Conclusion: The systematic literature review demonstrates the significant potential of software as a medical device (SaMD) and mobile health (mHealth) applications in revolutionizing chronic disease management through remote patient monitoring (RPM) and digital therapeutics (DTx). The evidence synthesized from multiple systematic reviews and clinical studies indicates that these technologies, exemplified by solutions like Healthentia, can effectively support patient monitoring and improve health outcomes while meeting crucial safety and performance requirements. The positive results observed across various chronic conditions underscore the transformative role of digital health interventions in modern healthcare delivery.
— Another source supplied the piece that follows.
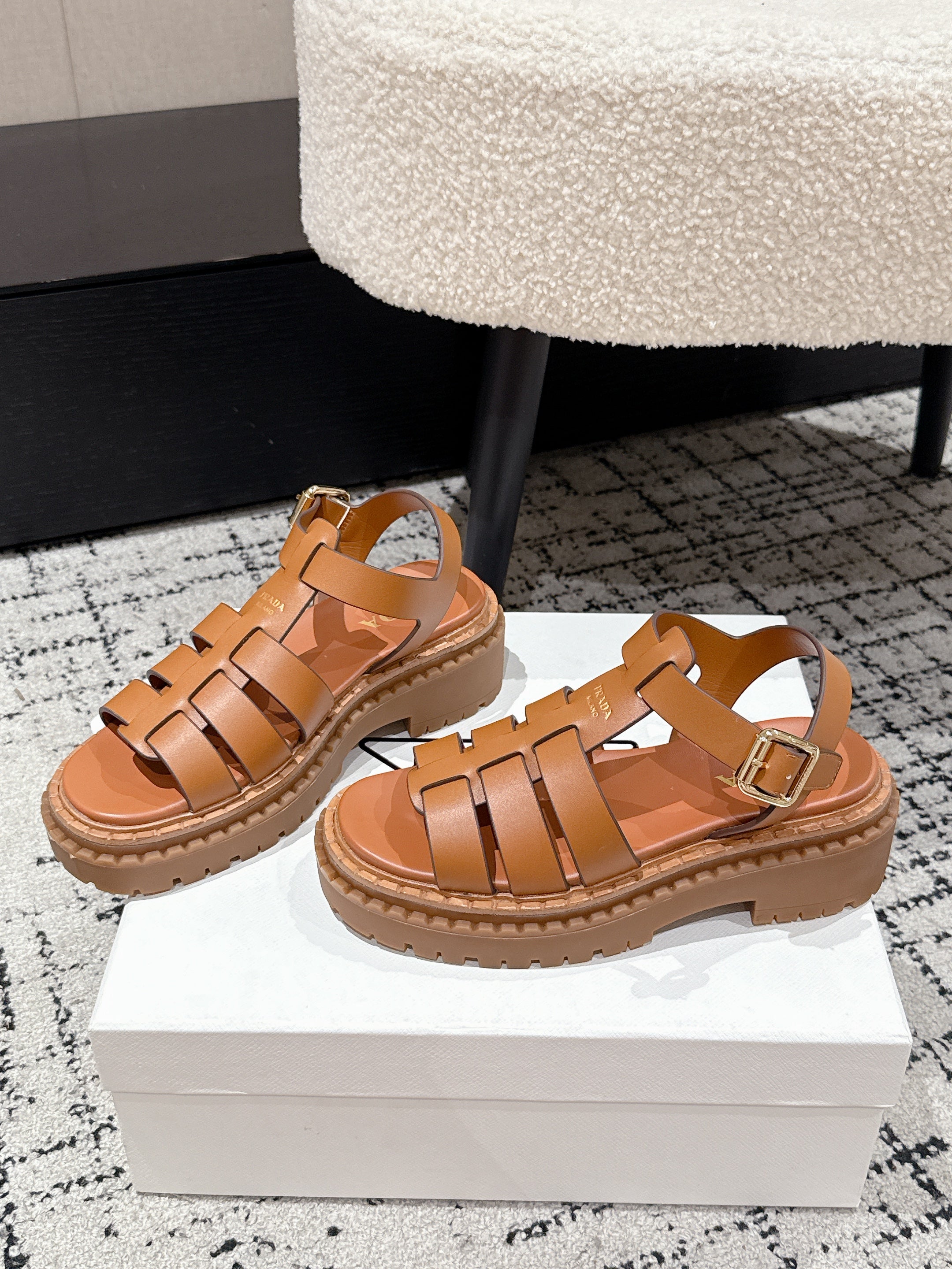 PRADA 25S FISHERMAN OPEN TOE SANDALS IN BURNT ORANGE CALFSKIN
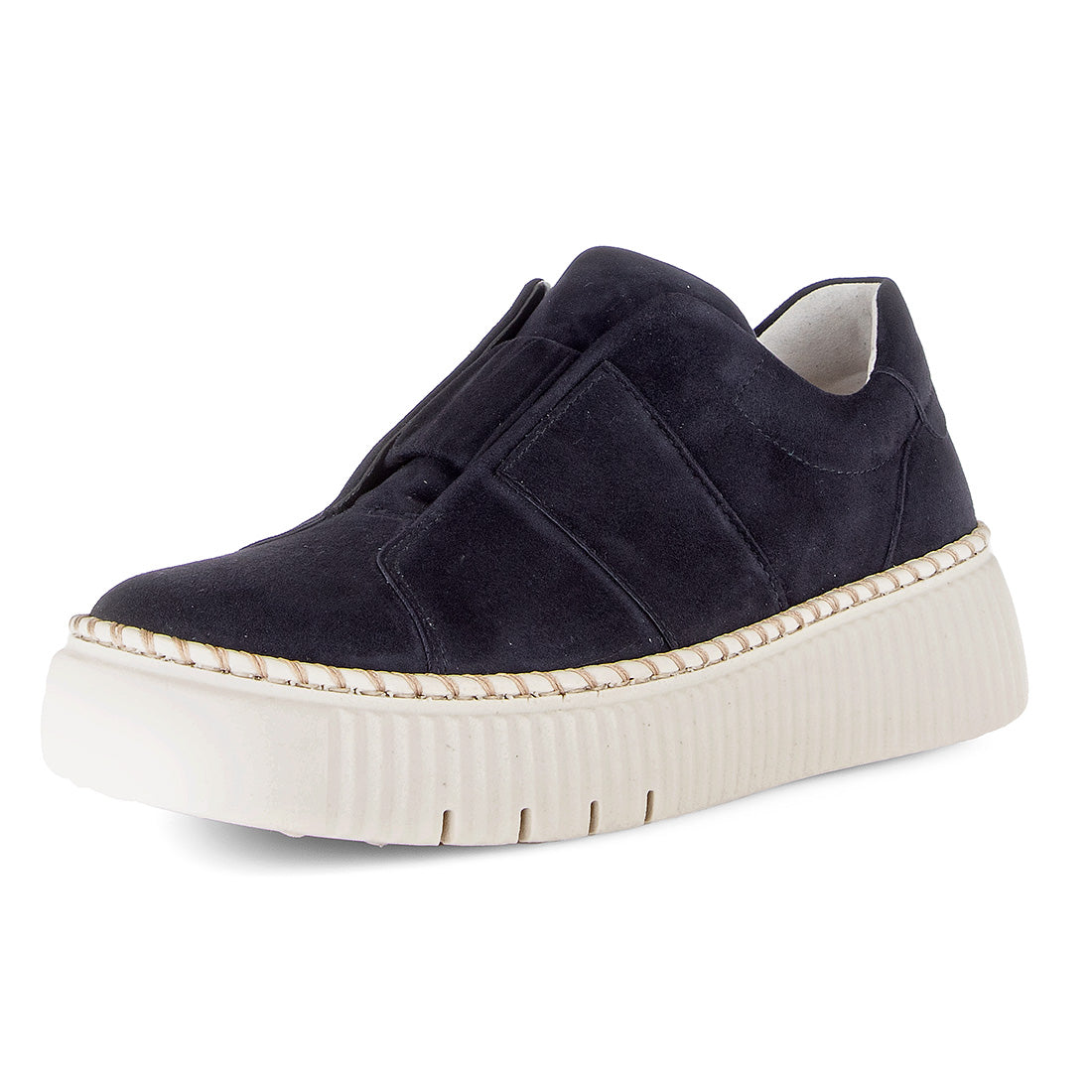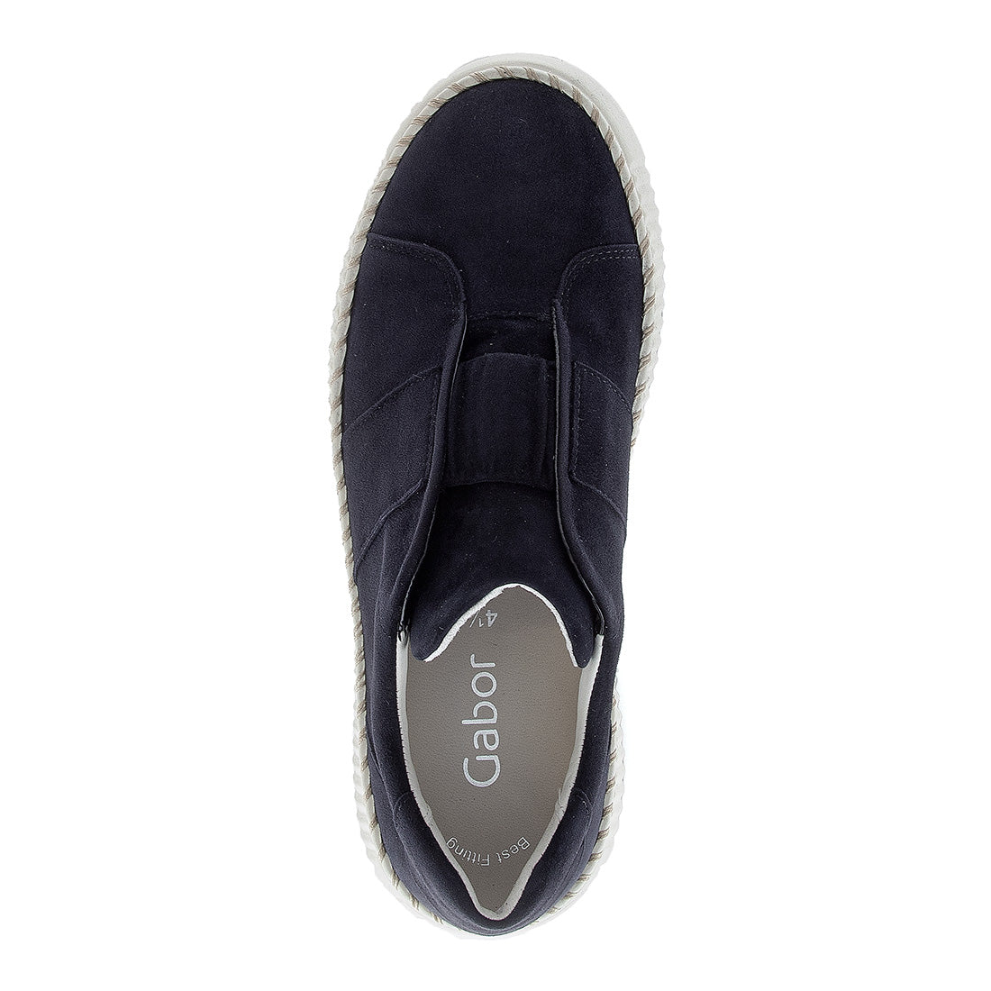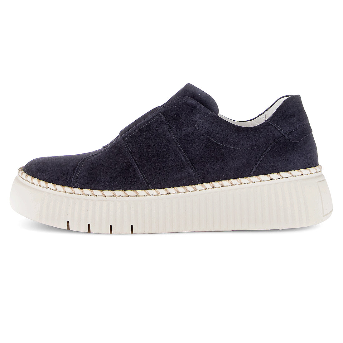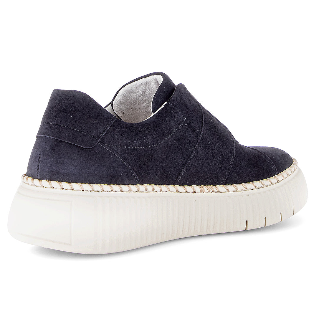Sneaker i mørkeblå ruskind med rynket elastikrem og grå streger omkring sålen. Skoen har Optifit udtagelig læder indlægessål. Best Fitting for 2 mm ekstra bredde i forfoden. Gummisål med høj plateau og kile på 1,5 cm

However, further research is needed to address long-term efficacy, cost-effectiveness, and integration into existing healthcare systems. As the field rapidly evolves, continued evaluation and refinement of these technologies will be essential to fully realize their potential in enhancing patient care and health management strategies.
1 Introduction
1.1 Background
Software as a Medical Device (SaMD) and mobile health (mHealth) applications have revolutionized the healthcare landscape in the areas of remote patient monitoring (RPM) and digital therapeutics (DTx). These technological advancements offer a range of benefits, from improved patient engagement and real-time monitoring to personalized treatment plans and enhanced clinical outcomes.
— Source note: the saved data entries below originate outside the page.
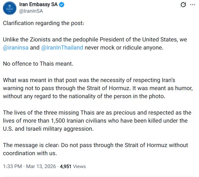 នៅថ្ងៃសុក្រទី១៣ ខែមីនានេះ ស្ថានទូតអ៊ីរ៉ង់ប្រចាំនៅអាហ្វ្រិកខាងត្បូង បានបង្ហោះសារមួយបង្កប់ដោយខ្លឹមសារ៖«ព្រមានផង សើចចំអកផង និងឌឺដងផង» ទៅកាន់ភាគីថៃ ថា៖«[..]ខុសពីពួកស៊ីយ៉ូនីស (ដែលសំដៅទៅលើ អ៊ីស្រាអែល) និងប្រធានាធិបតីលោភលន់របស់សហរដ្ឋអាម៉េរិក យើងខ្ញុំ @iraninsa [សំដៅលើអ៊ីរ៉ង់នៅអាហ្វ្រិកខាងត្បូង] និង @IranInThailand [អ៊ីរ៉ង់ក្នុងប្រទេសថៃ] មិនដែលចំអក ឬមើលងាយនរណាម្នាក់ឡើយ»។
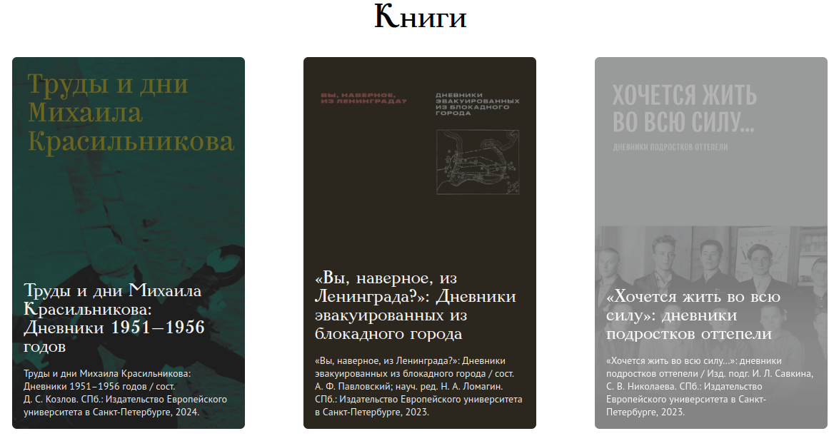 На сайте размещены ссылки на несколько книг, созданных на основе дневниковых материалов. Некоторые книги можно купить в печатном виде, есть ссылки на Яндекс.Диск для скачивания отдельных изданий, но на момент проверки ссылки не работают.
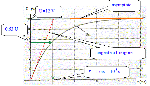 I. Charge du condensateur Le condensateur étant déchargé, on place à t = 0, l'interrupteur K en position 1. Un système d'acquisition permet d'enregistrer les graphes des tensions E et uC en fonction du temps. On obtient les courbes :
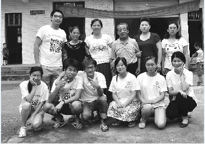 图为五位老师(后排)与九州在线网站志愿者合影。
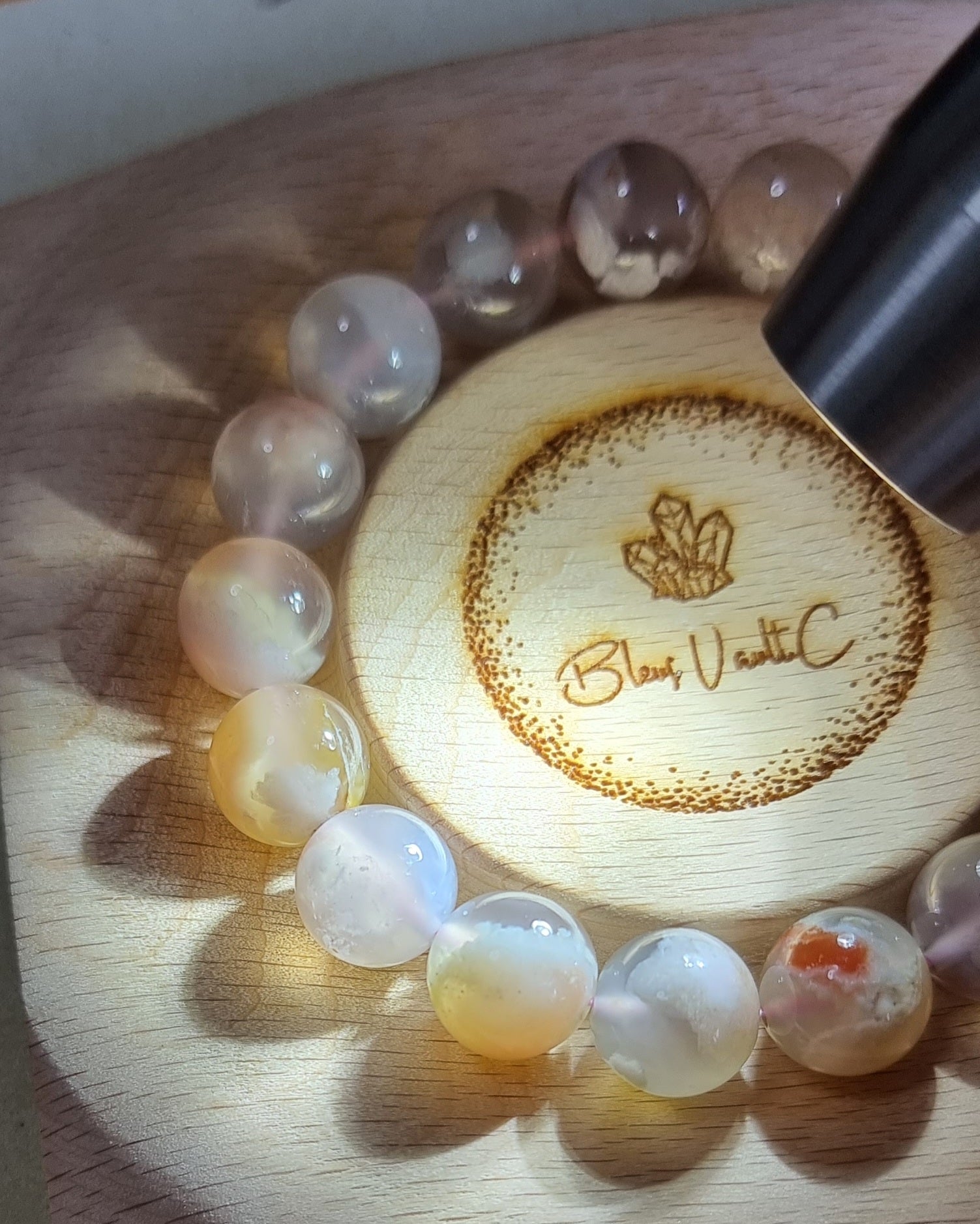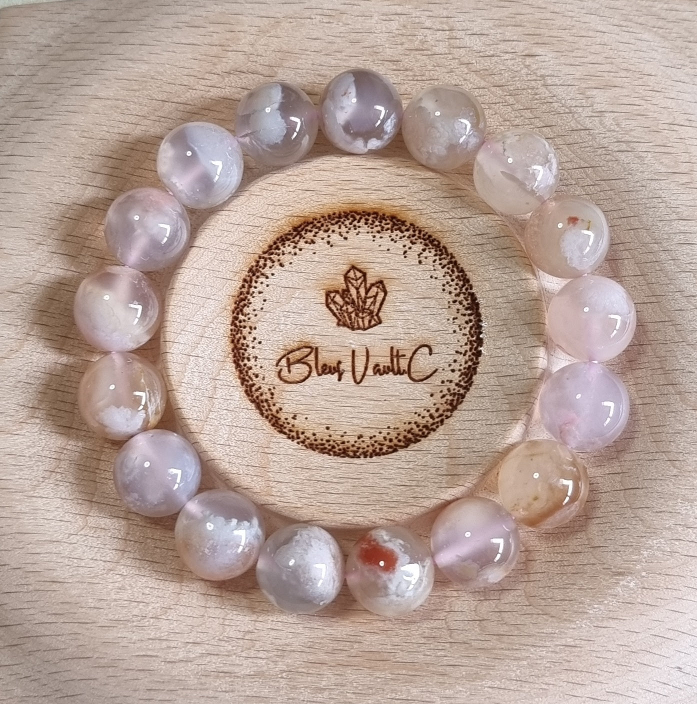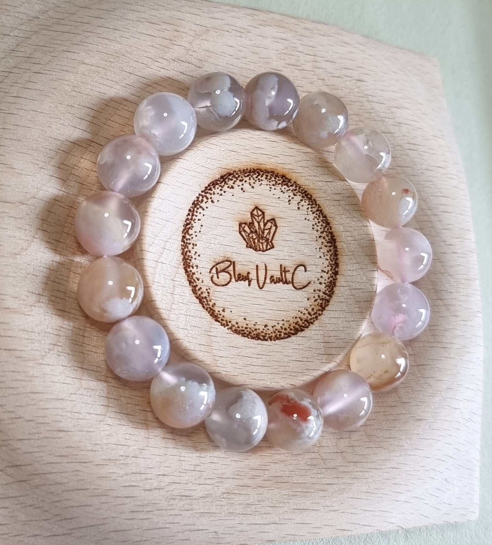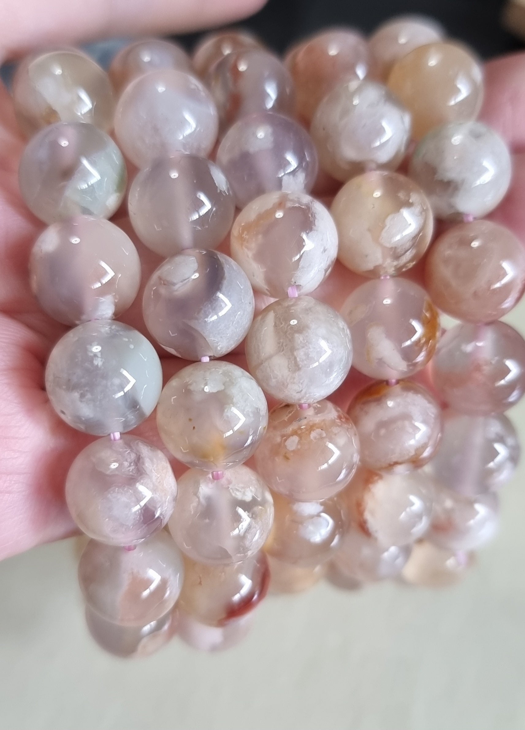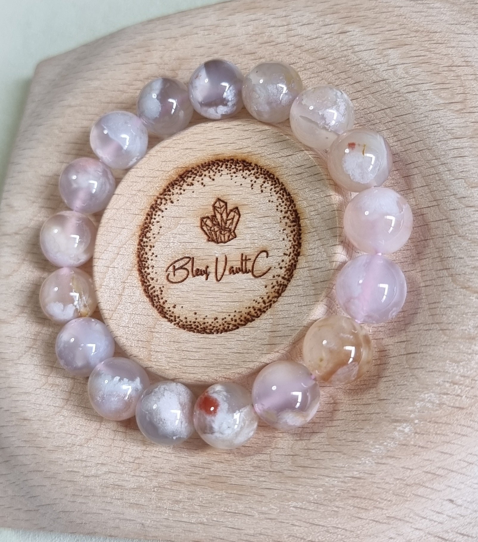 Cherry Blossom Agate has the effects of both agate and rose quartz. Agate has strong positive energy and has the functions of balance, stability and protection. On the other hand, it can calm nervousness and help improve popularity and marriage luck. It can too promote blood circulation and metabolism, relieve discomfort caused by menstrual period, and regulate female hormones. It has the effect of beautifying and improving complexion.

The current landscape of SaMD and mHealth apps is characterized by rapid innovation and widespread adoption, especially after the Covid pandemic, which might have worked as a catalyst for digital health transformation. SaMD refers to software intended to be used for medical purposes without being part of a hardware medical device. mHealth applications; on the other hand, they encompass a wide range of digital tools designed to support health and wellness through mobile devices. mHealth applications are not necessarily medical devices and, therefore, they often do not comply with the regulatory framework. Both SaMD and mHealth apps have seen significant advancements, driven by the increasing need for accessible, efficient, and patient-centric healthcare solutions. Regulatory frameworks have also evolved to keep pace with these innovations, ensuring that these technologies meet the rigorous safety and efficacy standards. While the potential of SaMD and mHealth apps are immense, there are several challenges that need to be addressed to completely realize their benefits, such as data privacy concerns, integration with existing healthcare systems, and user adoption barriers.
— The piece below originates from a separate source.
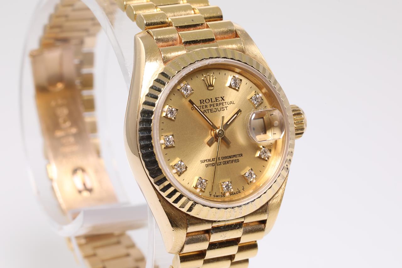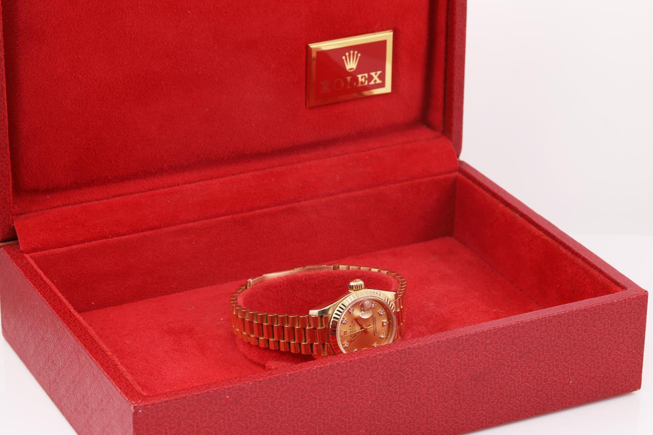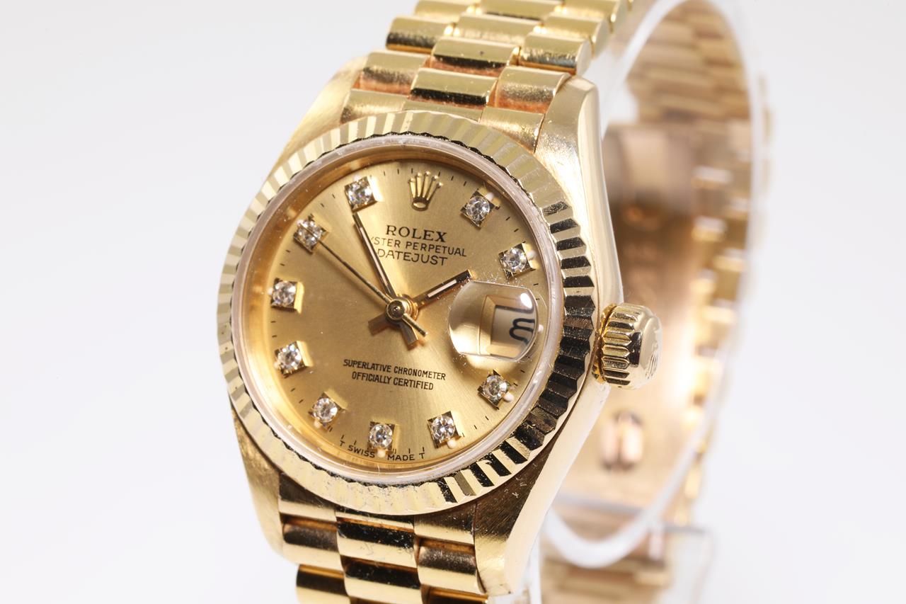 Rolex Oyster Perpetual Datejust 18ct yellow gold automatic ladies watch. Gold dial, Diamond indicators, date, wrist size: 15.5cm, case diameter 26mm, Swiss made. Ref# 69178G, Circa: 1991. With Rolex 18ct yellow gold Presidential bracelet & clasp. With certificate of authenticity and Rolex box with Rolex gift shopping bag. 3 month FSA warranty. (Pre-owned)
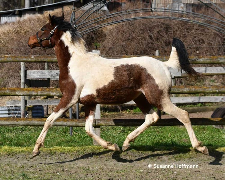 Lysanto is a very handsome young Pintabian stallion who was awarded a prize as a foal. He knows the foal ABC, i.e. the daily handling, leading, tying up and of course the blacksmith. He is already nice and big, although his mother is also a really big mare. He has great movements, stands correctly on his feet and has beautiful big eyes. His sire Secret Legacy is imported from the USA, licensed in Germany and has passed his stallion performance test as a performance stallion, and he could particularly inspire with his very good character and basic gaits. He can be seen in the last photos. Lysanto's dam is a premium mare and elite mare and has only had award-winning offspring to date. She has outstanding movements and a first-class character. Lysanto has very rideable and performance-oriented horses on both sides of his pedigree and is therefore just as interesting for riders with sporting ambitions as for breeders.

The industrial outlook for remote patient monitoring (RPM) solutions shows significant growth potential as the increasing prevalence of chronic diseases such as diabetes, hypertension, and heart disease necessitate continuous monitoring. Advances in wearable technology and biosensors have revolutionized the RPM landscape, offering accurate, user-friendly, and cost-effective solutions. The shift toward value-based care models, which emphasize patient outcomes and cost efficiency over service volume, aligns with the capabilities of RPM systems. Investment trends indicate robust financial backing for RPM innovations and market forecasts predict sustained growth, with the global RPM market projected to expand significantly over the next decade. This expansion is supported by the rising adoption of telemedicine, advancements in artificial intelligence and data analytics, and the growing consumer demand for personalized healthcare solutions (1, 2).
1.2 Healthentia SaMD
Healthentia is a software intended for: a) the collection and transmission of physiological data including heart rate, blood pressure, oxygen saturation, and weight directly to care providers via automated electronic means in combination with validated IoT devices; b) the visualization (subjects-based dashboards) and the mathematical treatment of data (trends analysis, alerts) related to the monitored chronic disease subject’s physiological parameters; c) the transmission of patient’s outcomes and outcome scores related to patient’s health status, health-affecting factors, health-related quality of life, disease knowledge and adherence to treatment through validated questionnaires; d) the user (subject/patient) interaction with a conversational virtual coach for informative and motivational purposes, in order to support subject telemonitoring, decision making and virtual coaching (52, 53).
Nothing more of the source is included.